To do → What's wanted here is the full listing below, repeated exactly, with no images in it.
═════ Given data
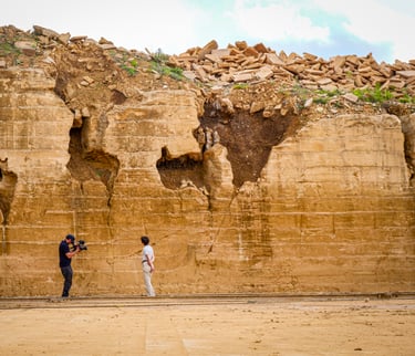 Avant même que l’objectif ne se tourne vers la pierre et ceux qui la façonnent, nous avons découvert un autre monde : celui du tournage. Nous sommes entrés dans des coulisses régies par d’autres règles, d’autres rythmes, d’autres outils, un univers différent du nôtre, mais finalement pas si éloignée de l’esprit d’un chantier.
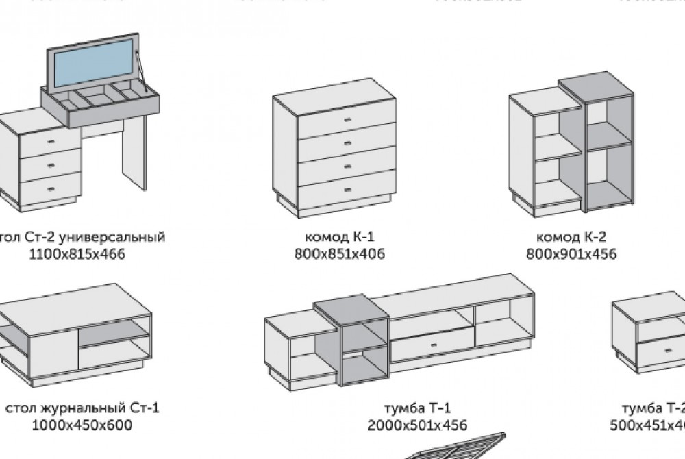 Цена указана на комплектацию, которая показана на первой картинке (Комод К-3, Зеркало З-1, Тумба Т-1, Антресоли Ан -1, Ан-2 , Ан-3)
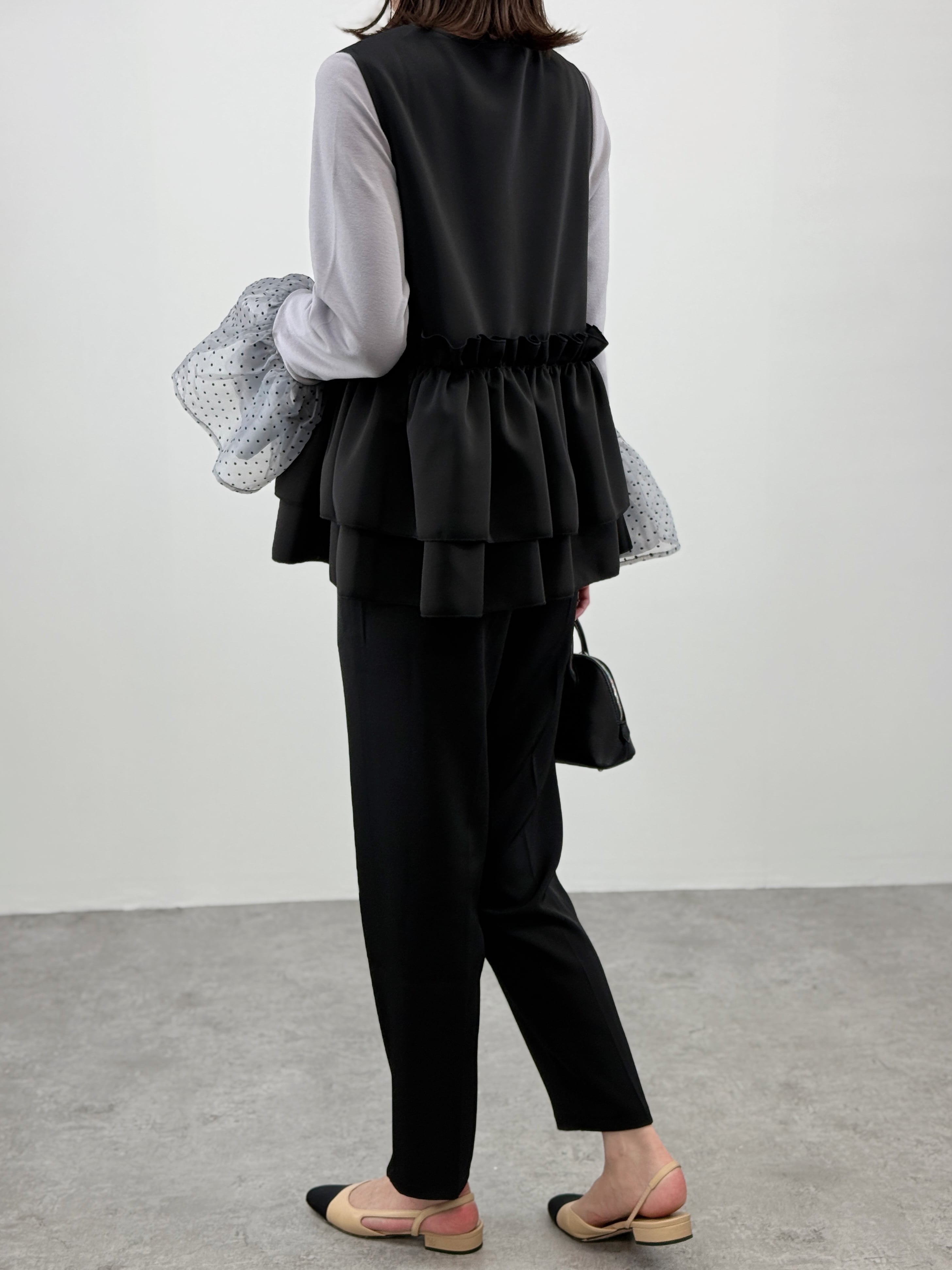 フロントに散りばめられた上品なパールと、ふんわり広がるペプラムシルエットが女性らしさを引き立てる一枚。
══════════
Written solution →
 Avant même que l’objectif ne se tourne vers la pierre et ceux qui la façonnent, nous avons découvert un autre monde : celui du tournage. Nous sommes entrés dans des coulisses régies par d’autres règles, d’autres rythmes, d’autres outils, un univers différent du nôtre, mais finalement pas si éloignée de l’esprit d’un chantier.
 Цена указана на комплектацию, которая показана на первой картинке (Комод К-3, Зеркало З-1, Тумба Т-1, Антресоли Ан -1, Ан-2 , Ан-3)
 フロントに散りばめられた上品なパールと、ふんわり広がるペプラムシルエットが女性らしさを引き立てる一枚。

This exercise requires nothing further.